How Jake Got His Groove Back

Just a quick post.

I have just recently been through another big road block with my book. The last time this happened was near the beginning of the rough draft, and the way I broke through the block was to just force myself to write. It worked wonderfully and a very crucial scene came out of that. Sadly, though, that scene will probably not be in the final product.

This latest bout of writer's block has been going for about three solid weeks now. I was determined to do like I did last time and just force myself to write. Every time, however, that I tried to do such a thing my mind just would not let me even go there. I could not focus. The words on the page were slippery and my mind just would not let my eyes look at the screen for more than a few seconds. You could call it a strange case of sudden ADD.

I am convinced, now, that it was just that my mind needed to recuperate and refocus. I had worked really hard to get the rough draft done and I think I was pushing my creativity too hard by jumping right into the rewrite.

It has helped to have a little notebook with me. My friend Matt gave me a Moleskine notebook for Christmas and it has been used extensively already. I love it. I have written down ideas as they come to me and just by re-reading those ideas I have been able to pick my way through this constipation of creativity.
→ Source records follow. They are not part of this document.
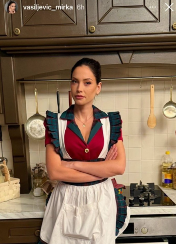 Naime, Mirka je na Instagramu podelila fotografiju iz kuhinje, obučena u kecelju i naslonjena na šporet. Jasno stavljajući do znanja da tumači lik kuvarice.
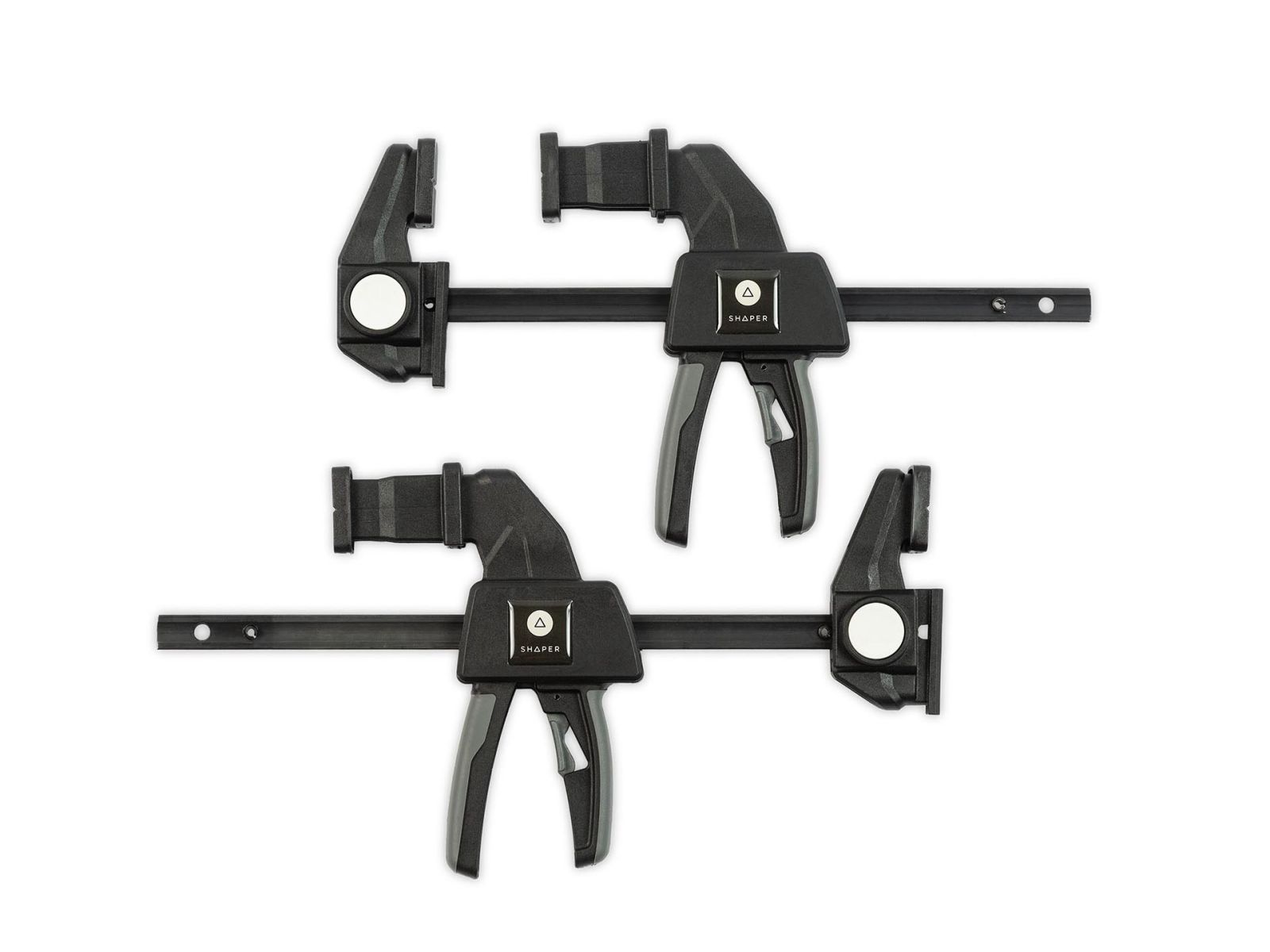 Mit den umkehrbaren Zwingen von Shaper bist du völlig flexibel. Du möchtest von Klemmen auf Spreizen wechseln? Drücke einfach den Knopf am Zwingenkopf und ändere die Spannrichtung.
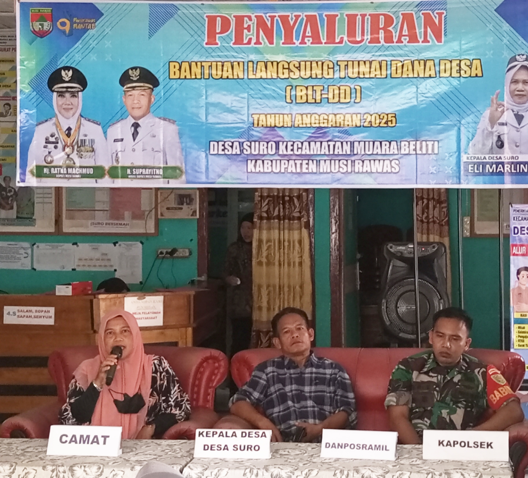 Ulasanrakyat.Com– Musi Rawas. Pemerintah Desa Suro melaksanakan program kegiatan Penyaluran Bantuan Langsung Tunai (BLT) dari Dana Desa (DD) tahap 1 tahun 2025, Tersalurkan 41 Keluarga Penerima Manfaat (KPM) Bantuan Langsung Tunai Dana Desa (BLT-DD)
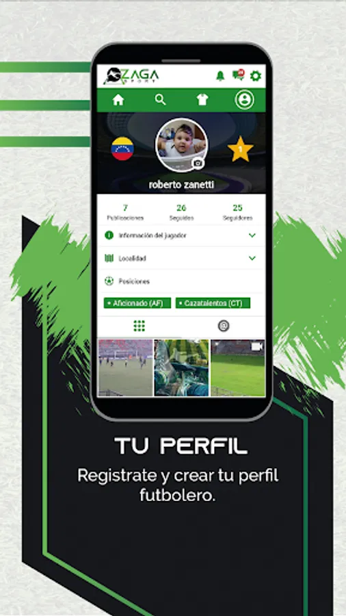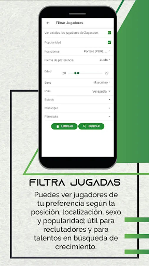• Through filters you can see players of your choice according to position, location, sex and popularity; useful for recruiters and talent seeking growth.
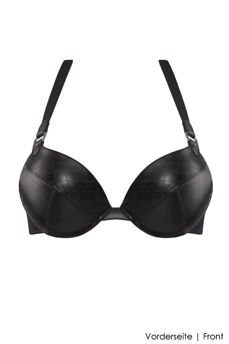 Der Super Push-up BH der Femme Fatale Line von Marlies Dekkers macht seinem Namen alle Ehre. Integrierte Push-up Polster sorgen für ein sexy Dekolleté das zum träumen einlädt! Die glänzende Lederoptik mit eingeprägtem Rautenmuster sowie mehrere silberne Ringe an den Trägeransätzen, ziehen die Blicke zusätzlich auf Sie. Die raffiniert konstruierten Träger im stylischen „Hosenträger“ Look sitzten perfekt auf den Schultern und weisen ebenfalls ein dezent eingewebtes Rautenmuster auf. Mit seinen eingesetzten Bügeln und breiten Trägern, bietet der BH einen optimalen Sitz am Körper und einen optimalen Tragekomfort. Das Innenleben des BH erstrahlt in einem sinnlichen Rot und steht symbolisch für das sexy Design der „Femme Fatale“ Serie. Für den perfekten Lingerie „Killer“ Look empfehlen wir den passenden Femme Fatale G-String, den Panty Slip, den Strapsgürtel und die hochwertigen Strapse von Marlies Dekkers.

Here's to hoping there is more smooth sailing ahead. I'm not going to wish that these blockages never happen again because it is during these times that I can prove my worth as a writer.

Sunday, February 14, 2010

Fighting Ruben Wolfe

My mom introduced me to this great author, Markus Zusak, when she gave me one of his books for Christmas a couple years ago. This book was The Book Thief. If you have not read this book, you must go out now and go to your nearest book store or library and get a copy. It is fantastic and definitely one of the most original and astounding books in modern literature I've ever read.

When I find an author I like I read everything of theirs that I can get my hands on. I have all of Zusak's published books and have now read three of the four books. His second book I read was written just before The Book Thief. It is titled I Am the Messenger.

The Book Thief had such an amazing voice to it. Zusak's writing is fresh and different. He uses colors and symbolism in ways that you don't see in literature these days. You see it a lot in classic literature. In I Am the Messenger, Zusak still has his magical turn of phrase and mastery of plot.

Now, as I finally get to my point, I just read his very first published novel. First novels are interesting because it is the chance for the author to prove himself. I'm not sure what I was expecting with Zusak's first novel. I was not disappointed.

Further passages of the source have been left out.